#### WORK TO BE COMPLETED:
Below is a listing with pictures. Repeat exactly the lines starting at the one holding "Made in: Italy" and going on through the one holding "而在水上村可以看见。皇宫的大", and leave every picture out.

#### RECORD SET:
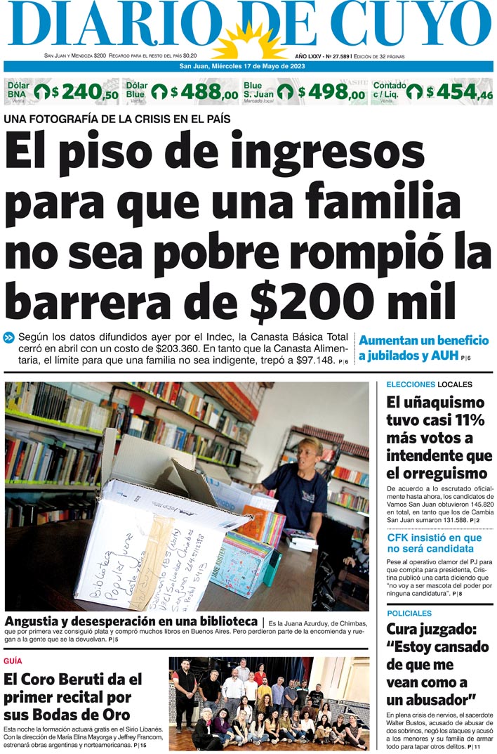 Diario de Cuyo | HOME | Noticias Tapa Edición 17 de Mayo del 2023 Por Redacción Diario de Cuyo 16/05/2023 · 0:00 Escuchar la noticia Escuchar la noticia Your browser doesn’t support HTML5 audio Ver los comentarios ›
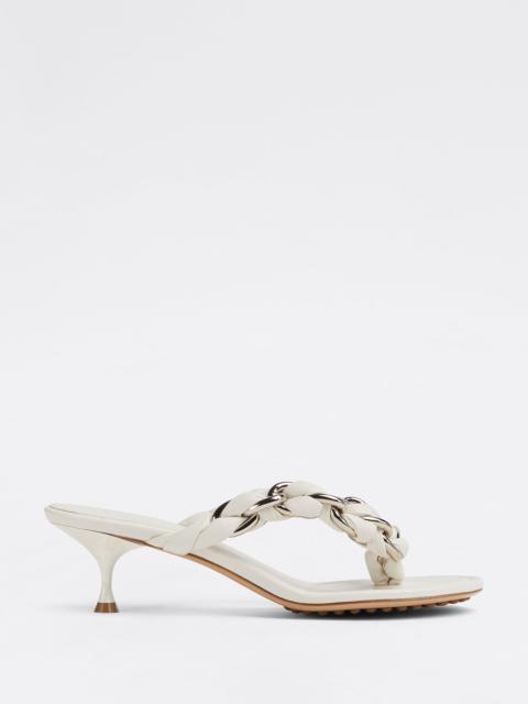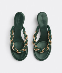 • Chain-braided leather sandals Material: 100% Lambskin • Unlined • Color: Inkwell • Hardware: Gold finish • Rubber-injected leather outsole Heel: 5.5 cm I 2" Made in: Italy
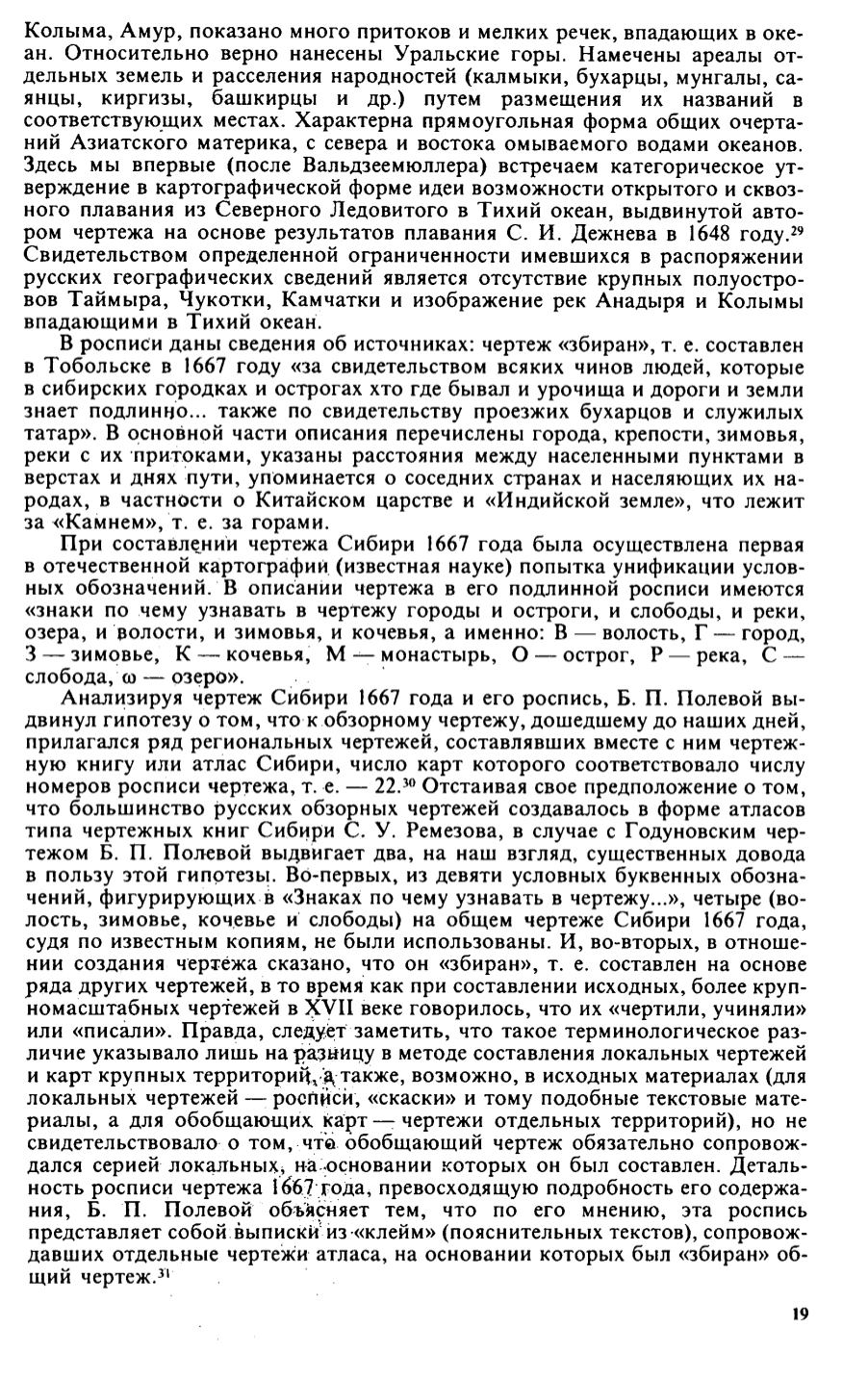 Анализируя чертеж Сибири 1667 года и его роспись, Б. П. Полевой вы
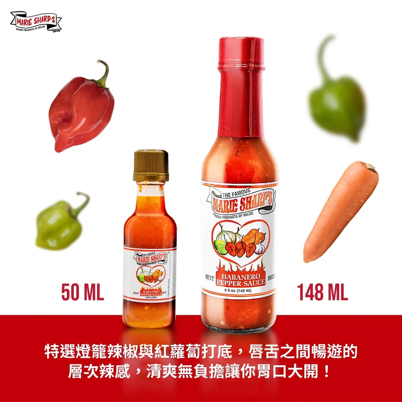 Marie Sharp’s 始終堅持初心:使用新鮮哈瓦娜辣椒與天然蔬果製成,不添加防腐劑、不加油,呈現乾淨、明亮、層次分明的辣感。更特別的是,Marie Sharp’s 將關懷女性的理念融入產品之中。以鳳梨風味為代表,象徵溫暖與力量,並將收益捐贈給性別暴力受害者,讓一瓶辣醬成為溫柔卻堅定的行動。從一份憐憫出發,走到世界餐桌,Marie Sharp’s 不僅是貝里斯的國寶級辣椒醬,更是一段關於信念、土地與愛的延續。
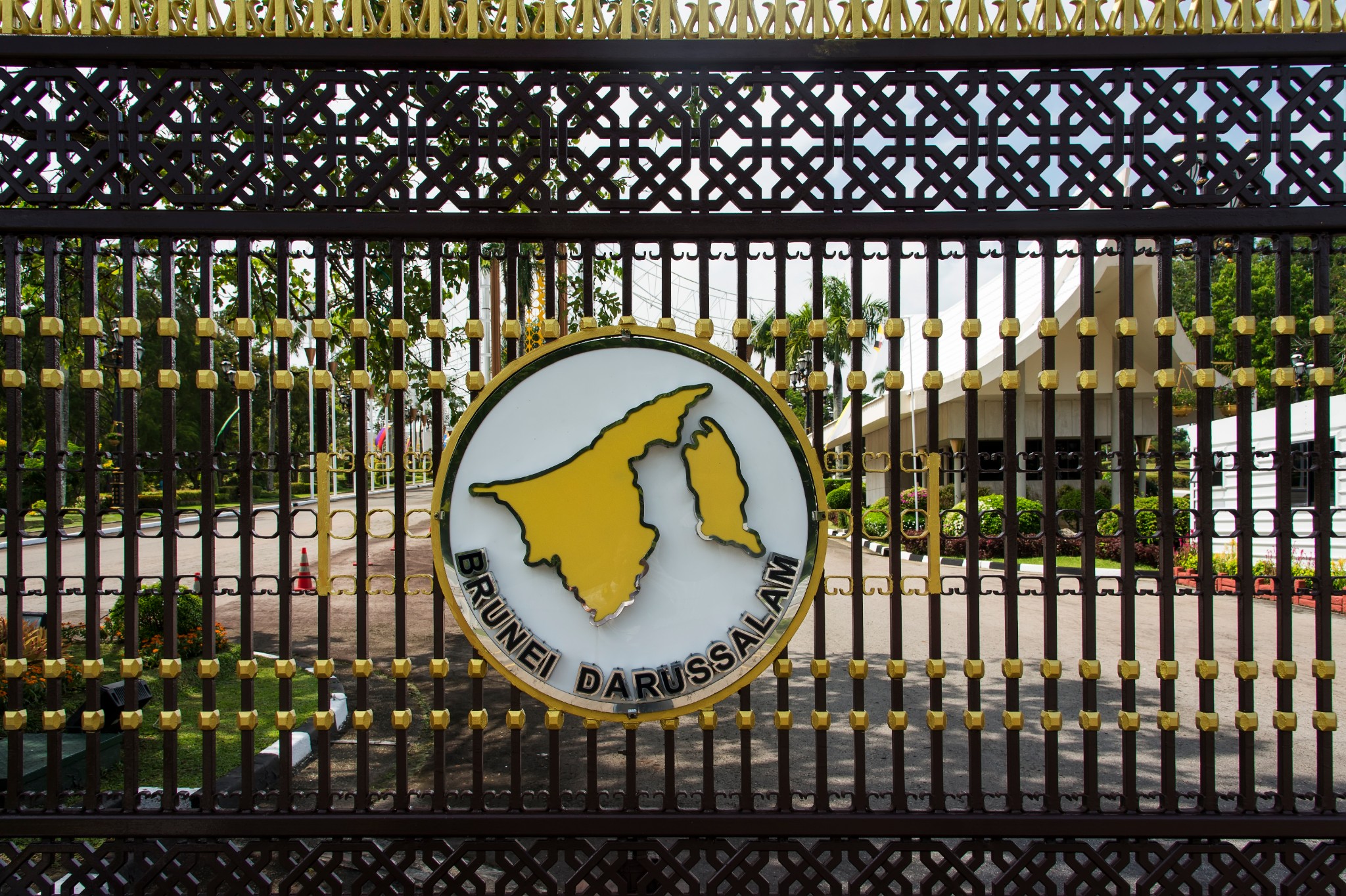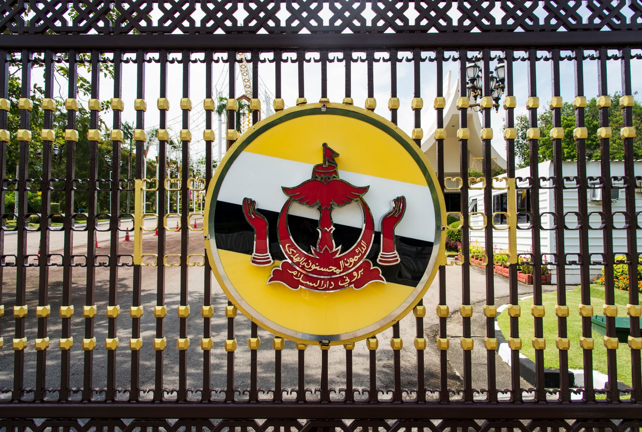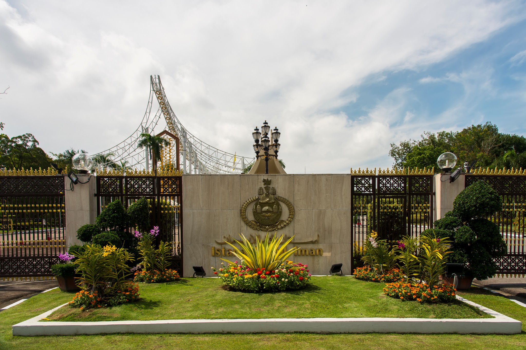 而在水上村可以看见。皇宫的大门紧锁,可以在门口停下拍照。皇宫大门有左右两扇,之间是一堵墙。正中墙上是苏丹的个人徽记,这个徽记在所有和文莱皇家有关的地方都可以看到,包括前面提到的杰米清真寺大门口。徽记最上方的阿拉伯文字代表真主,其下的王冠代表苏丹,再下面是国王的伞盖、代表穆斯林的新月、代表和平的翅膀以及代表富足的麦穗等等。两侧的门上分别是文莱国徽和文莱地图,文莱地图上,可以看见淡布隆县被马来西亚隔开成为了飞地。虽然只是匆匆一瞥,在皇宫门外呆了十分钟,但是也能够一窥文莱皇家的面貌,不能踏入这个皇宫真是一大缺憾。
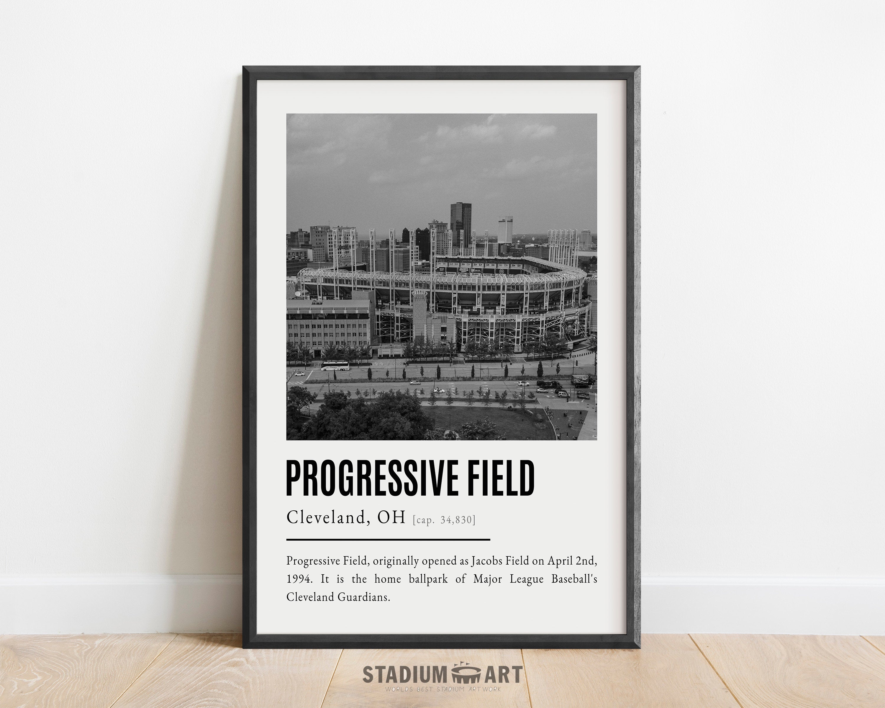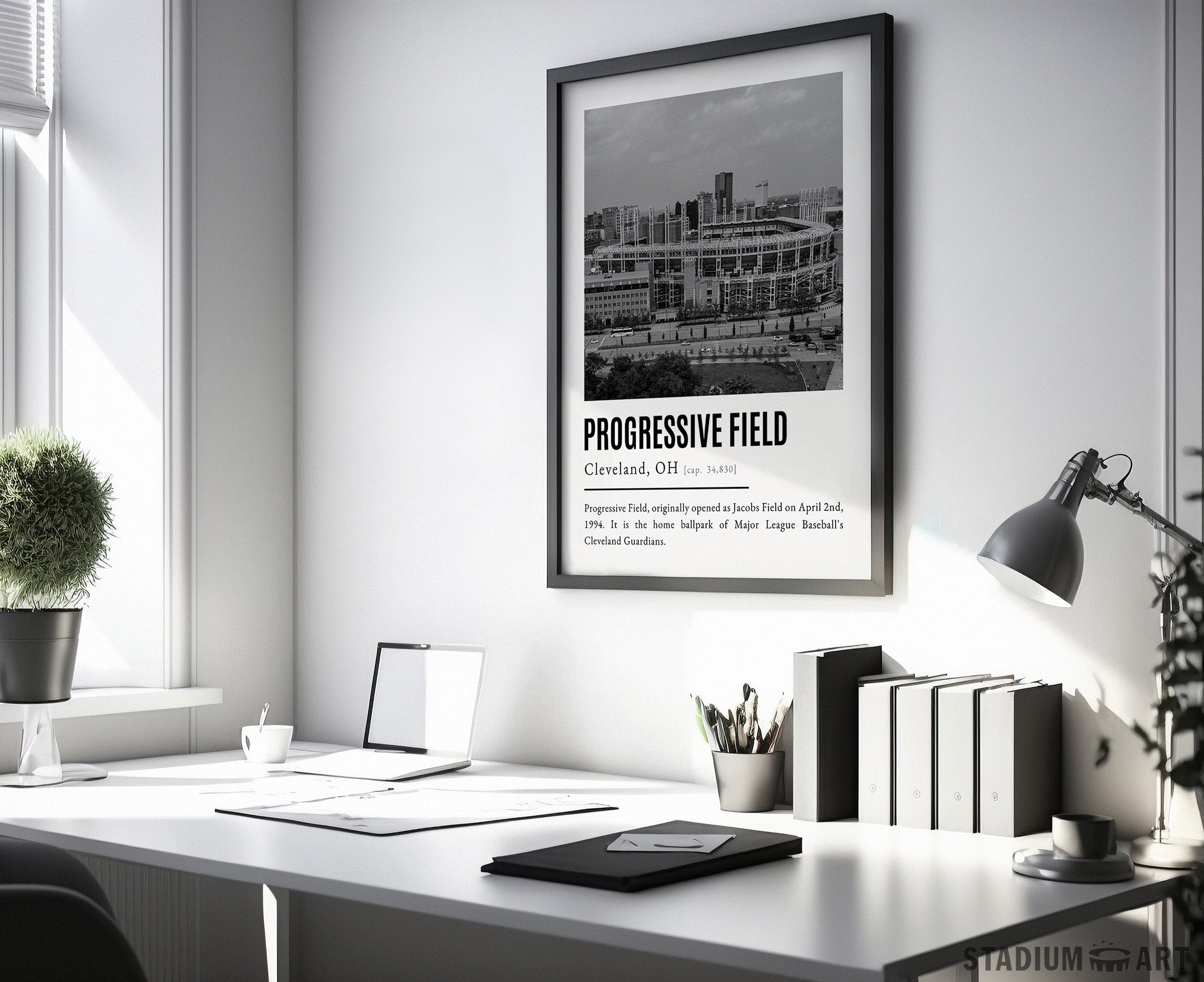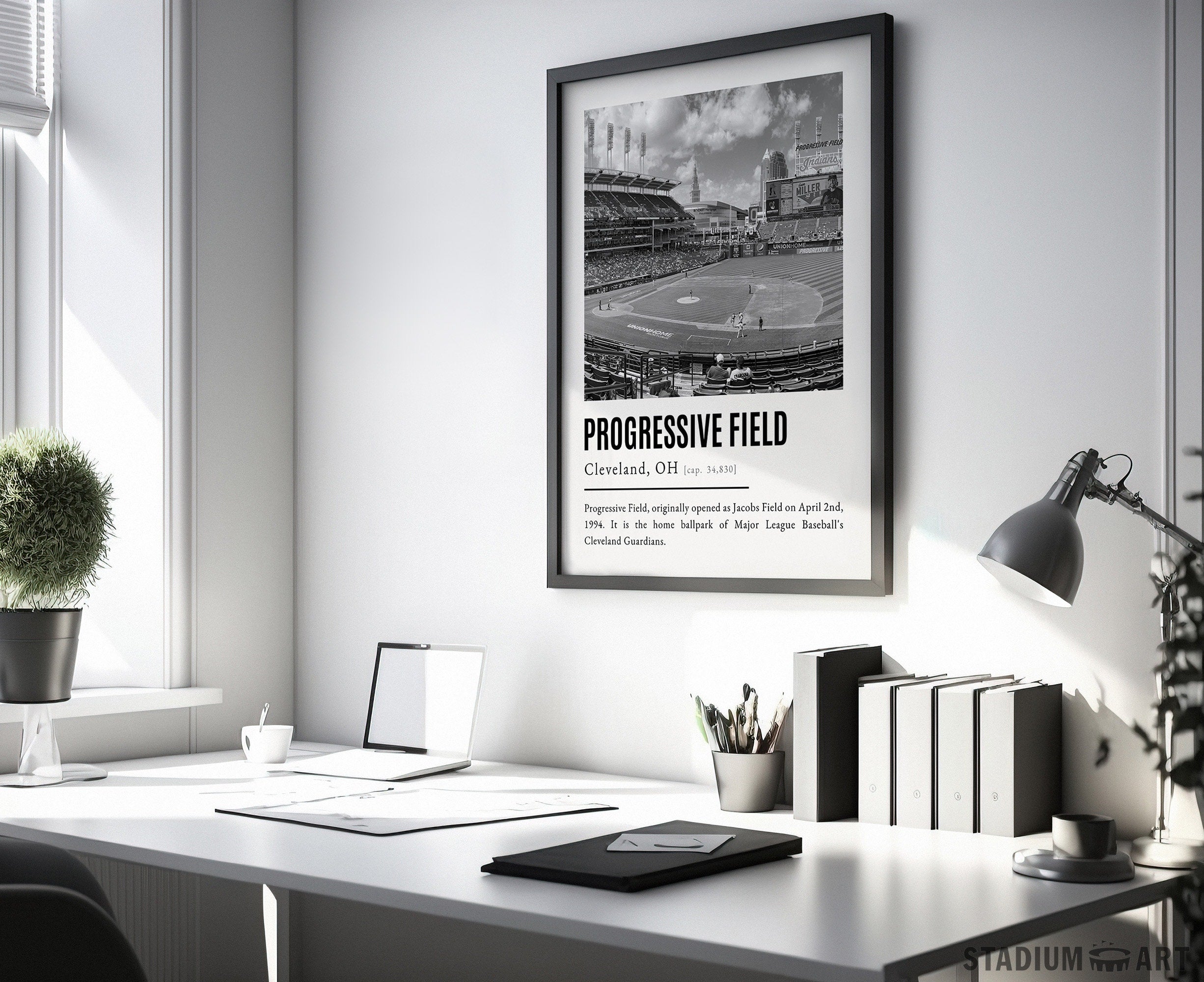 Progressive Field Print, Cleveland Guardians Poster/Canvas, Aerial View, B&W Modern Art, Baseball Home Decor, Game Day Keepsake

#### ANSWER BOX:
 • Chain-braided leather sandals Material: 100% Lambskin • Unlined • Color: Inkwell • Hardware: Gold finish • Rubber-injected leather outsole Heel: 5.5 cm I 2" Made in: Italy
 Анализируя чертеж Сибири 1667 года и его роспись, Б. П. Полевой вы
 Marie Sharp’s 始終堅持初心:使用新鮮哈瓦娜辣椒與天然蔬果製成,不添加防腐劑、不加油,呈現乾淨、明亮、層次分明的辣感。更特別的是,Marie Sharp’s 將關懷女性的理念融入產品之中。以鳳梨風味為代表,象徵溫暖與力量,並將收益捐贈給性別暴力受害者,讓一瓶辣醬成為溫柔卻堅定的行動。從一份憐憫出發,走到世界餐桌,Marie Sharp’s 不僅是貝里斯的國寶級辣椒醬,更是一段關於信念、土地與愛的延續。
 而在水上村可以看见。皇宫的大门紧锁,可以在门口停下拍照。皇宫大门有左右两扇,之间是一堵墙。正中墙上是苏丹的个人徽记,这个徽记在所有和文莱皇家有关的地方都可以看到,包括前面提到的杰米清真寺大门口。徽记最上方的阿拉伯文字代表真主,其下的王冠代表苏丹,再下面是国王的伞盖、代表穆斯林的新月、代表和平的翅膀以及代表富足的麦穗等等。两侧的门上分别是文莱国徽和文莱地图,文莱地图上,可以看见淡布隆县被马来西亚隔开成为了飞地。虽然只是匆匆一瞥,在皇宫门外呆了十分钟,但是也能够一窥文莱皇家的面貌,不能踏入这个皇宫真是一大缺憾。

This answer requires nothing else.